Closed helrond closed 6 years ago
Thanks for noting this. Just to clarify -- in process of setting up environment to test -- is the first loop successful, e.g. i
== 0? or is even the first object not created?
Yes the first test works fine!
Yep, I'm able to recreate. I'm seeing the following errors coming from Fedora after the timeout is exceeded, between iterations:
SEVERE: An I/O error has occurred while writing a response message entity to the container output stream.
org.glassfish.jersey.server.internal.process.MappableException: java.io.IOException: java.util.concurrent.TimeoutException: Idle timeout expired: 30004/30000 ms
at org.glassfish.jersey.server.internal.MappableExceptionWrapperInterceptor.aroundWriteTo(MappableExceptionWrapperInterceptor.java:92)
at org.glassfish.jersey.message.internal.WriterInterceptorExecutor.proceed(WriterInterceptorExecutor.java:162)
at org.glassfish.jersey.message.internal.MessageBodyFactory.writeTo(MessageBodyFactory.java:1130)
at org.glassfish.jersey.server.ServerRuntime$Responder.writeResponse(ServerRuntime.java:711)
at org.glassfish.jersey.server.ServerRuntime$Responder.processResponse(ServerRuntime.java:444)
at org.glassfish.jersey.server.ServerRuntime$Responder.process(ServerRuntime.java:434)
at org.glassfish.jersey.server.ServerRuntime$2.run(ServerRuntime.java:329)
at org.glassfish.jersey.internal.Errors$1.call(Errors.java:271)
at org.glassfish.jersey.internal.Errors$1.call(Errors.java:267)
at org.glassfish.jersey.internal.Errors.process(Errors.java:315)
at org.glassfish.jersey.internal.Errors.process(Errors.java:297)
at org.glassfish.jersey.internal.Errors.process(Errors.java:267)
at org.glassfish.jersey.process.internal.RequestScope.runInScope(RequestScope.java:317)
at org.glassfish.jersey.server.ServerRuntime.process(ServerRuntime.java:305)
at org.glassfish.jersey.server.ApplicationHandler.handle(ApplicationHandler.java:1154)

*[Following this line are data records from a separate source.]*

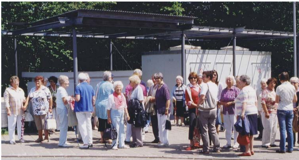
Warten auf den Bus zum Brombachsee
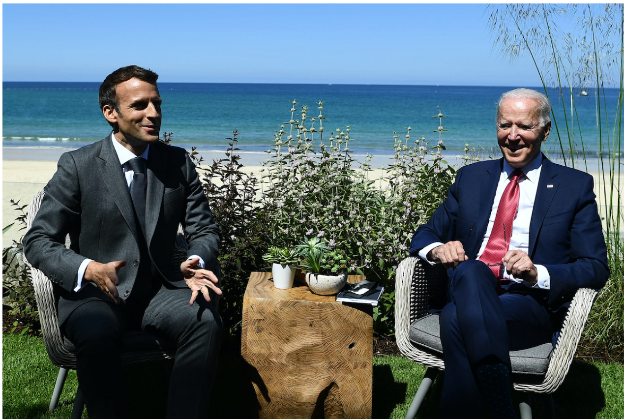
Francouzský prezident Emmanuel Macron (L) zdraví amerického prezidenta Joea Bidena před bilaterálním setkáním během summitu G7 v Carbis Bay, Cornwall, 12. června 2021.

Takové myšlenky jsou ze své podstaty riskantní, protože obranná schopnost NATO je ostudně nízká. Vystavovat alianci a budoucnost Evropy riziku jen kvůli setrvání ve funkci je samo o sobě hanebné a pravděpodobně trestné, pokud je to pravda.
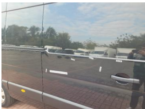
Fot. 29 Drzwi tylne prawe (Wgniecie./Odształ.)
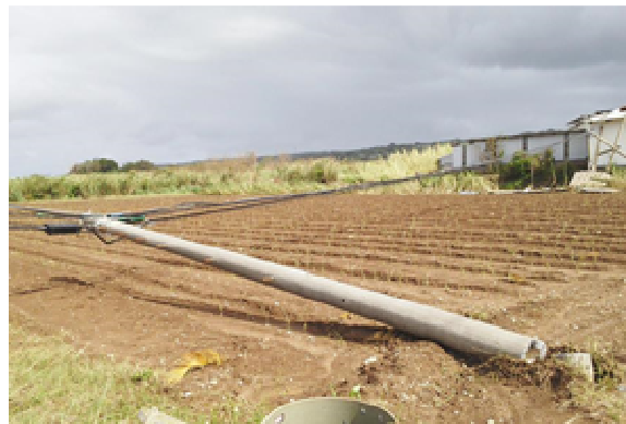
※電柱の折損（喜界島）10/29
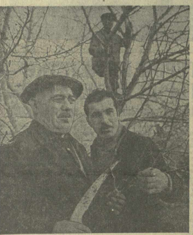
Высокими урожаями ароматных яблок славятся плодовые сады колхоза «Часки врозь» села Павли Горийского района, занимающие 450 гектаров. Если в минувшем году с каждого из 90 плодородных гектаров было получено по 67 центнеров яблок при плане 55 центнеров, то ударный год пятилетки плодовые сады обязаны отметить еще более высоким урожаем. Они рассчитывают получить в среднем с гектара по 70 центнеров плодов.

at org.glassfish.jersey.servlet.WebComponent.serviceImpl(WebComponent.java:473)
at org.glassfish.jersey.servlet.WebComponent.service(WebComponent.java:427)
at org.glassfish.jersey.servlet.ServletContainer.service(ServletContainer.java:388)
at org.glassfish.jersey.servlet.ServletContainer.service(ServletContainer.java:341)
at org.glassfish.jersey.servlet.ServletContainer.service(ServletContainer.java:228)
at org.eclipse.jetty.servlet.ServletHolder.handle(ServletHolder.java:769)
at org.eclipse.jetty.servlet.ServletHandler.doHandle(ServletHandler.java:585)
at org.eclipse.jetty.server.handler.ScopedHandler.handle(ScopedHandler.java:143)
at org.eclipse.jetty.security.SecurityHandler.handle(SecurityHandler.java:577)
at org.eclipse.jetty.server.session.SessionHandler.doHandle(SessionHandler.java:223)
at org.eclipse.jetty.server.handler.ContextHandler.doHandle(ContextHandler.java:1125)
at org.eclipse.jetty.servlet.ServletHandler.doScope(ServletHandler.java:515)
at org.eclipse.jetty.server.session.SessionHandler.doScope(SessionHandler.java:185)
at org.eclipse.jetty.server.handler.ContextHandler.doScope(ContextHandler.java:1059)
at org.eclipse.jetty.server.handler.ScopedHandler.handle(ScopedHandler.java:141)
at org.eclipse.jetty.server.handler.ContextHandlerCollection.handle(ContextHandlerCollection.java:215)
at org.eclipse.jetty.server.handler.HandlerCollection.handle(HandlerCollection.java:110)
at org.eclipse.jetty.server.handler.HandlerWrapper.handle(HandlerWrapper.java:97)
at org.eclipse.jetty.server.Server.handle(Server.java:497)
at org.eclipse.jetty.server.HttpChannel.handle(HttpChannel.java:311)
at org.eclipse.jetty.server.HttpConnection.onFillable(HttpConnection.java:248)
at org.eclipse.jetty.io.AbstractConnection$2.run(AbstractConnection.java:540)
at org.eclipse.jetty.util.thread.QueuedThreadPool.runJob(QueuedThreadPool.java:610)
at org.eclipse.jetty.util.thread.QueuedThreadPool$3.run(QueuedThreadPool.java:539)
at java.lang.Thread.run(Thread.java:745)
Caused by: java.io.IOException: java.util.concurrent.TimeoutException: Idle timeout expired: 30004/30000 ms
at org.eclipse.jetty.util.SharedBlockingCallback$Blocker.block(SharedBlockingCallback.java:234)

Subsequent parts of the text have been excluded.